Beginning at the line that holds "ECOWAY Salad Bowl", transcribe each line exactly through the end of the records, and leave any pictures out.

**RECORDS SUPPLIED:**
- - -

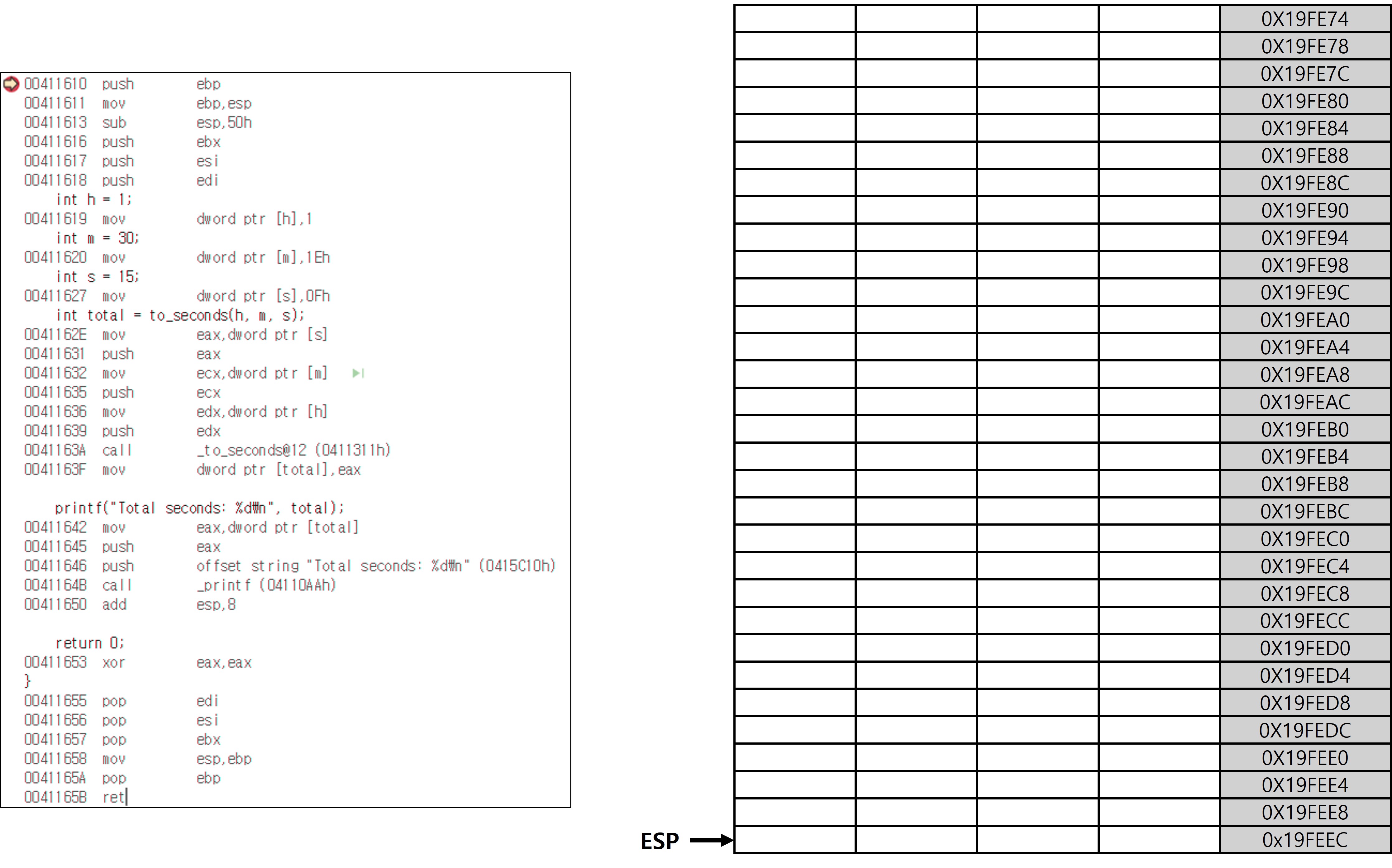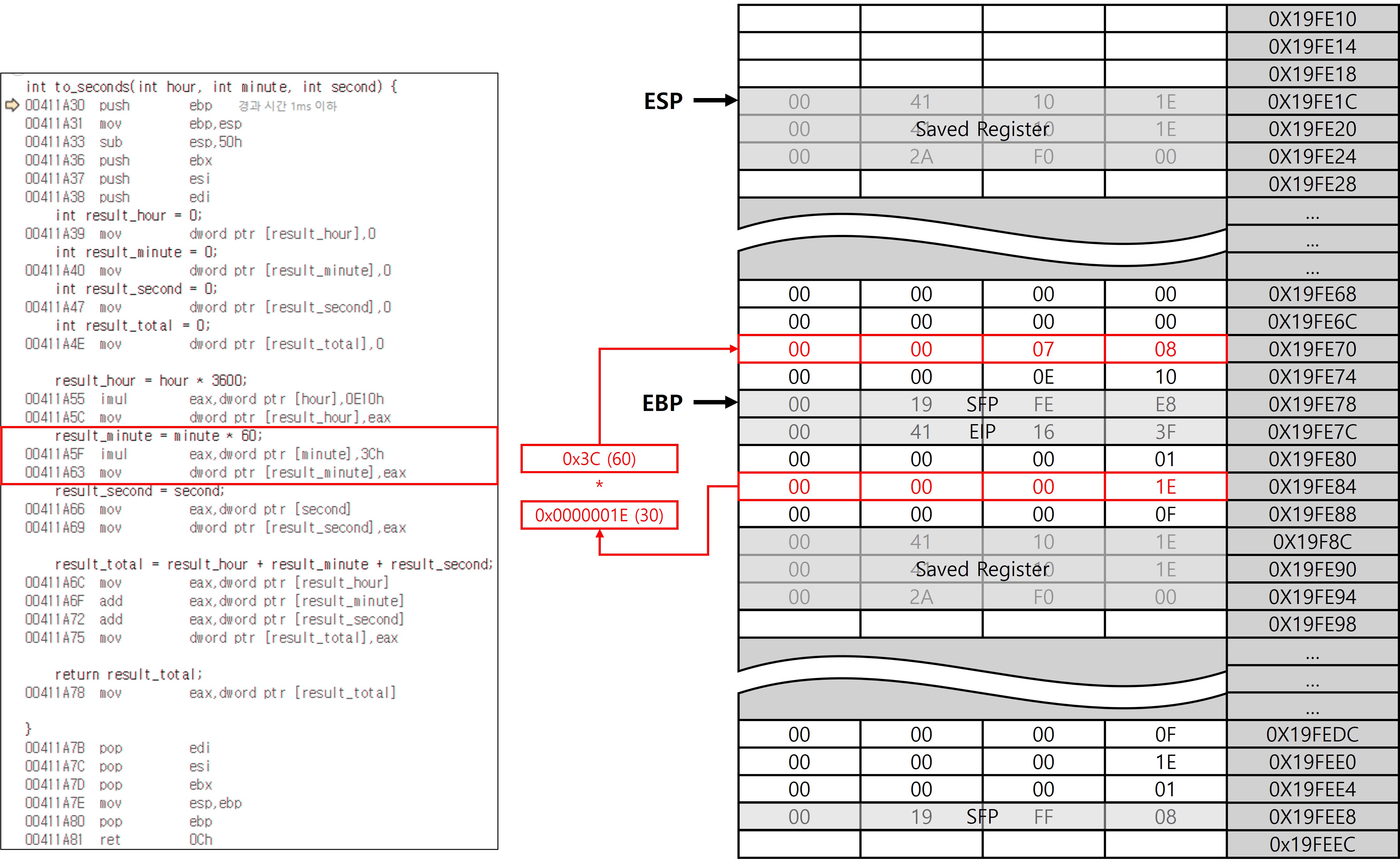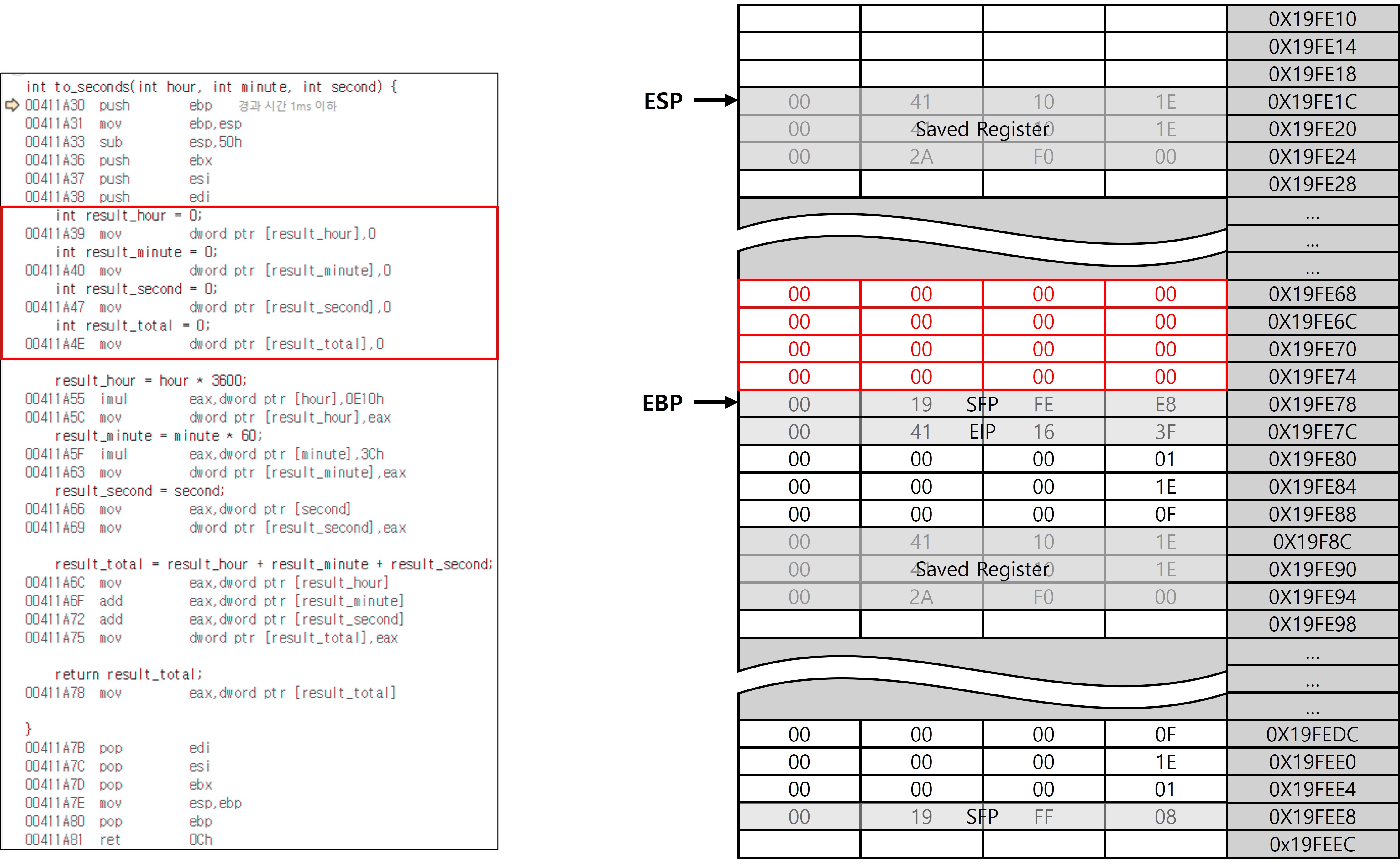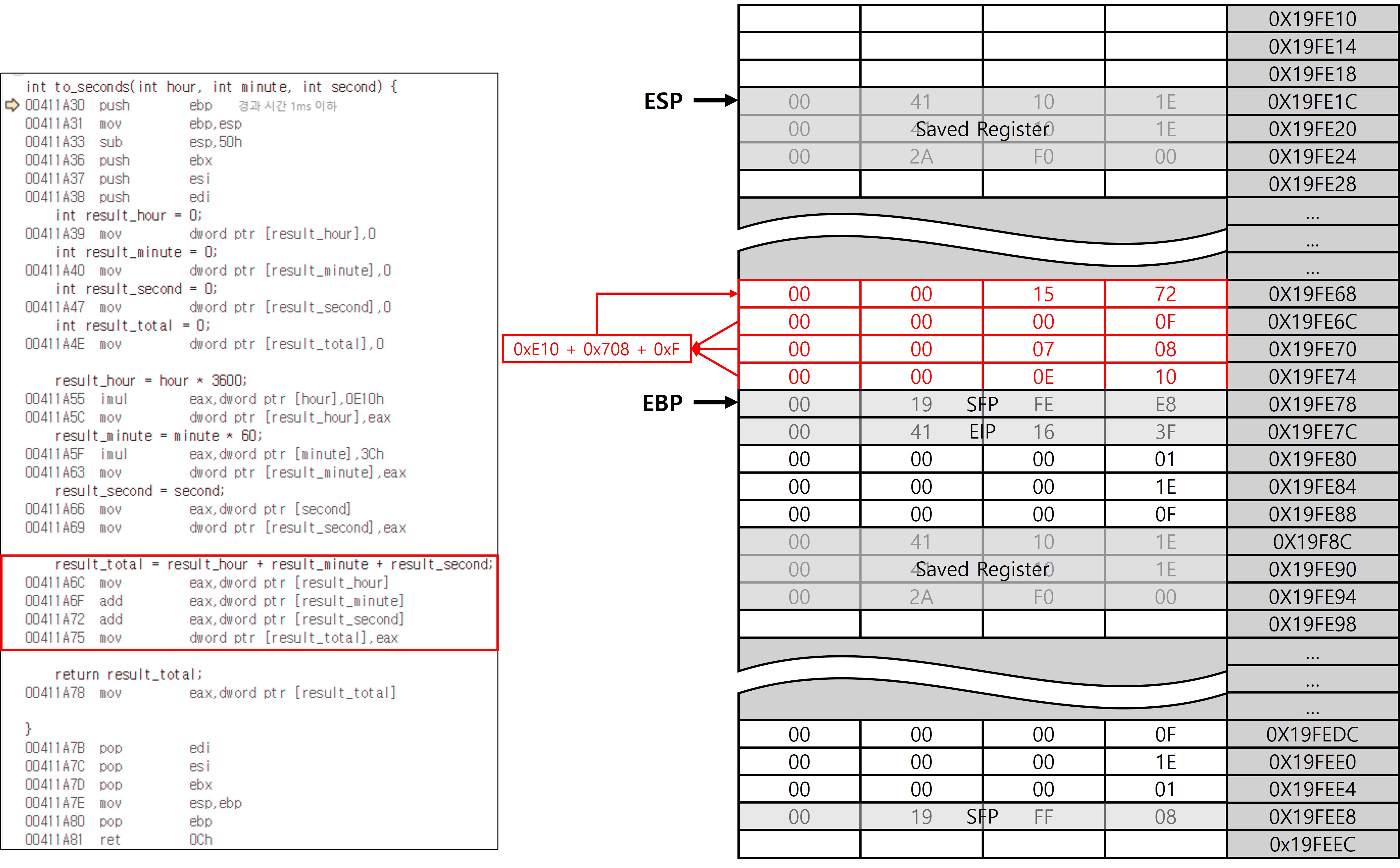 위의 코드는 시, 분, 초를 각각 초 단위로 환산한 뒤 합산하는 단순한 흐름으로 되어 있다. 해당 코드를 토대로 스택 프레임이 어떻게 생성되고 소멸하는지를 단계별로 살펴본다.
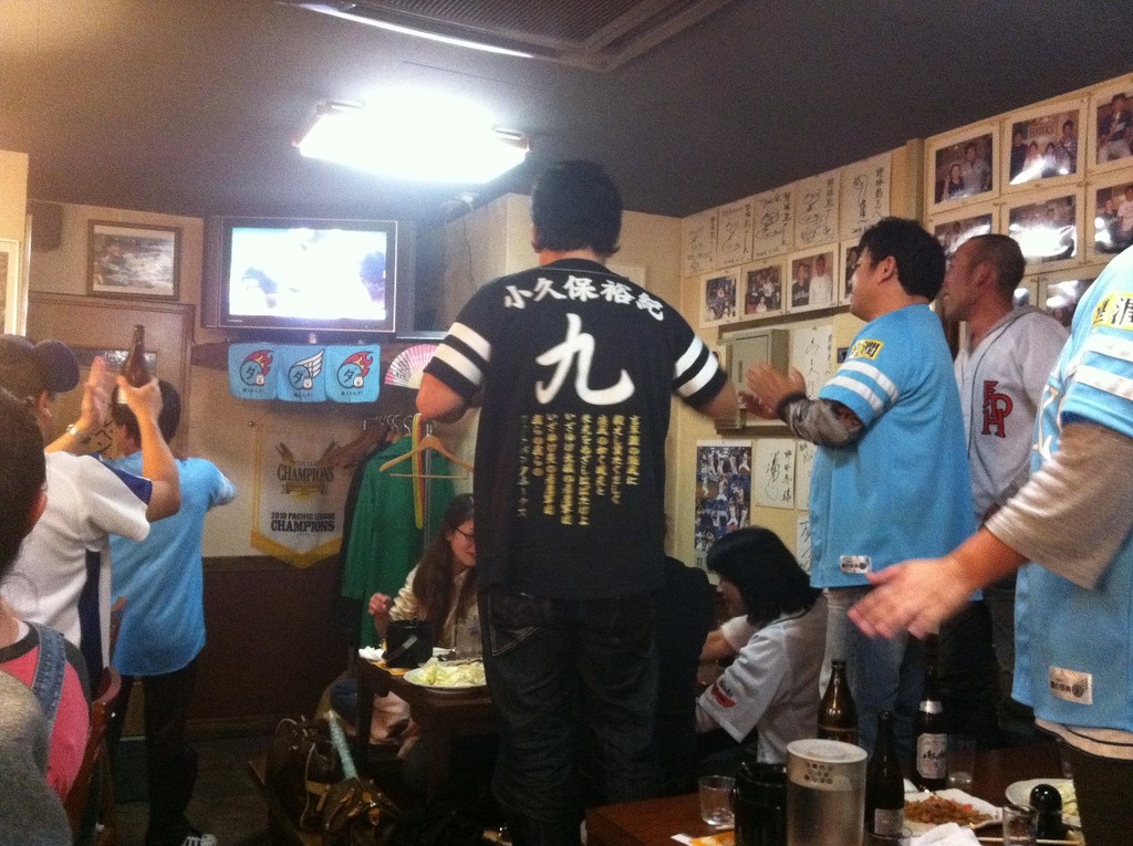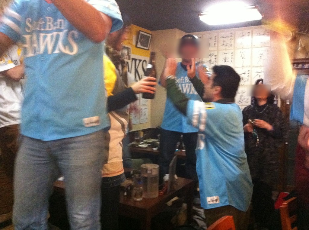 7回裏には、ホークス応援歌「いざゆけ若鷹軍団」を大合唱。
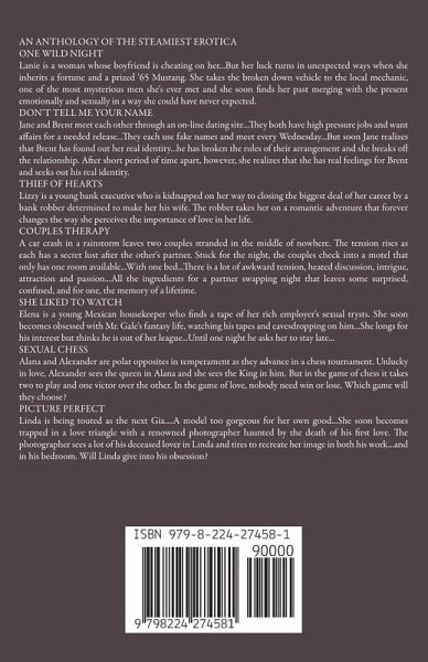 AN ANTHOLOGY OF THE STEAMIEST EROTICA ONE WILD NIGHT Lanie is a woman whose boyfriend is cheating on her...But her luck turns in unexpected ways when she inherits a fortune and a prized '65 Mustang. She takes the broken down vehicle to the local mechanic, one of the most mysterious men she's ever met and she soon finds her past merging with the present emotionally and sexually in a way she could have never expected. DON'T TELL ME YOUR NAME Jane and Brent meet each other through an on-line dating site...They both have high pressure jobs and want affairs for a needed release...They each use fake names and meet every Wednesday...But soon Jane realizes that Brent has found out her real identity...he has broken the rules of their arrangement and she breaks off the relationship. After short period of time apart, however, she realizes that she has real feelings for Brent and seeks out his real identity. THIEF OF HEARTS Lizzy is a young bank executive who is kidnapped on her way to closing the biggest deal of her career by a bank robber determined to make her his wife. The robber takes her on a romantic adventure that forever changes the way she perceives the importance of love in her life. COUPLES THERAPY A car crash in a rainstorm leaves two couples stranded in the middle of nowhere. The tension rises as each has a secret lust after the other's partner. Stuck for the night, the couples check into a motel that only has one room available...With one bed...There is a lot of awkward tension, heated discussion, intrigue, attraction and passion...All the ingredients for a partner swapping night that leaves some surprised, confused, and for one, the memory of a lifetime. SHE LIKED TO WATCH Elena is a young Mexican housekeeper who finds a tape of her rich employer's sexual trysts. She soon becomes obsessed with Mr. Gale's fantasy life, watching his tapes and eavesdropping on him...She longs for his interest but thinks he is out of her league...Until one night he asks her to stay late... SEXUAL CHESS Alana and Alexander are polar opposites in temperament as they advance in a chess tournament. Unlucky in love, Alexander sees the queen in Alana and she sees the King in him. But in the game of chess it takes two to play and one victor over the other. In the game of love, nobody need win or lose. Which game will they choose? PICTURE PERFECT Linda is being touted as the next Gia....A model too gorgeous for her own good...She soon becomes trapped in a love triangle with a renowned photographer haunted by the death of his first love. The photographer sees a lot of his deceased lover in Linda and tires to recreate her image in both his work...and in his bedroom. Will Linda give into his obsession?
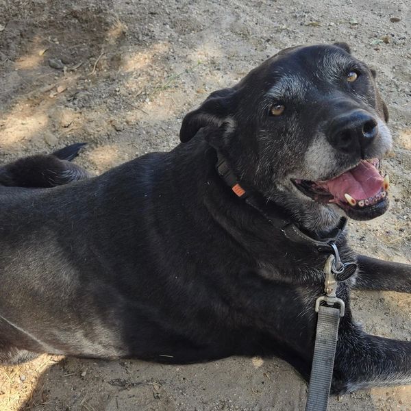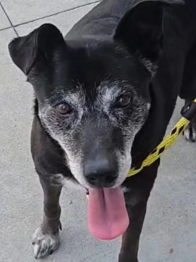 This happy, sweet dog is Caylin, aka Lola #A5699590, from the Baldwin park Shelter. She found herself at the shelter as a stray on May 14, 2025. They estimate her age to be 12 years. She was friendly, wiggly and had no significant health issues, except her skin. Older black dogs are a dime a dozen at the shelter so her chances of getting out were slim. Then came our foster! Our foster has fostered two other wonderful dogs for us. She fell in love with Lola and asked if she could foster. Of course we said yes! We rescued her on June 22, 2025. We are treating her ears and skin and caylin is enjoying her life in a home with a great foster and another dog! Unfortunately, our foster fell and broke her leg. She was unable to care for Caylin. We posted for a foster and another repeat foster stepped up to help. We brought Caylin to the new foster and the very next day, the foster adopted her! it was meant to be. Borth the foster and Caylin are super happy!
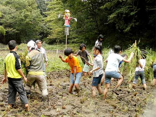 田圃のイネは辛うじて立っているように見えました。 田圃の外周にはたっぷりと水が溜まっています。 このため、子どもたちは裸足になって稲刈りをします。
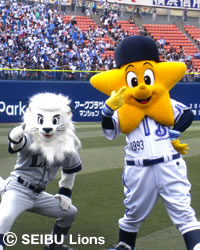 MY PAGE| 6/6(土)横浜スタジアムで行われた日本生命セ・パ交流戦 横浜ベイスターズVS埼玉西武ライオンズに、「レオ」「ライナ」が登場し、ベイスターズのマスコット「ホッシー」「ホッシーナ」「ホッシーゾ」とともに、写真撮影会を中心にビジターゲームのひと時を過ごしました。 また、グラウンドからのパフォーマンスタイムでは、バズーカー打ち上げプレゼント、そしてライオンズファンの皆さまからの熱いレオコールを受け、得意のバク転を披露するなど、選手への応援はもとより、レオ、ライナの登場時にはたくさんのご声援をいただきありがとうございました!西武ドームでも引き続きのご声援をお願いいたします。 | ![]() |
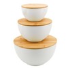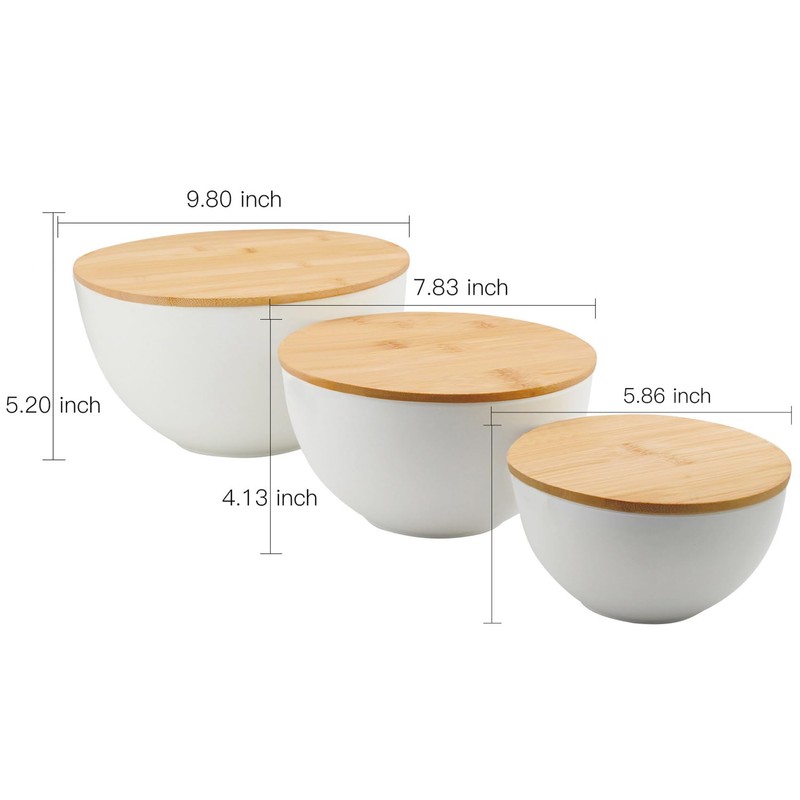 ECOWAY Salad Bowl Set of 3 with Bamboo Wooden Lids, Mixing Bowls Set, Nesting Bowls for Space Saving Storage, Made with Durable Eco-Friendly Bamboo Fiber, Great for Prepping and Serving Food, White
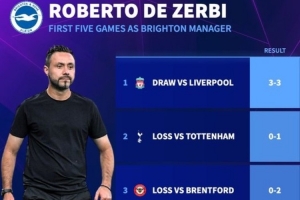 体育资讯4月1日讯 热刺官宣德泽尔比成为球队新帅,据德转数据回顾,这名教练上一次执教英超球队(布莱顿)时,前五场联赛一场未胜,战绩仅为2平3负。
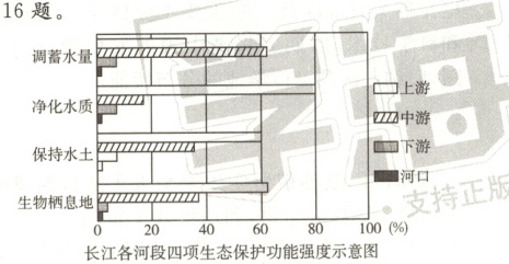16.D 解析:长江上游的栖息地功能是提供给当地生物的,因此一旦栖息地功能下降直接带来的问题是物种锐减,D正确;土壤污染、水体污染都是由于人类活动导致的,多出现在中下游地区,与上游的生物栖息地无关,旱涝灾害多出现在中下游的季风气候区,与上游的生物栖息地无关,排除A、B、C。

- - -

**EXPECTED ANSWER:**
 ECOWAY Salad Bowl Set of 3 with Bamboo Wooden Lids, Mixing Bowls Set, Nesting Bowls for Space Saving Storage, Made with Durable Eco-Friendly Bamboo Fiber, Great for Prepping and Serving Food, White
 体育资讯4月1日讯 热刺官宣德泽尔比成为球队新帅,据德转数据回顾,这名教练上一次执教英超球队(布莱顿)时,前五场联赛一场未胜,战绩仅为2平3负。
16.D 解析:长江上游的栖息地功能是提供给当地生物的,因此一旦栖息地功能下降直接带来的问题是物种锐减,D正确;土壤污染、水体污染都是由于人类活动导致的,多出现在中下游地区,与上游的生物栖息地无关,旱涝灾害多出现在中下游的季风气候区,与上游的生物栖息地无关,排除A、B、C。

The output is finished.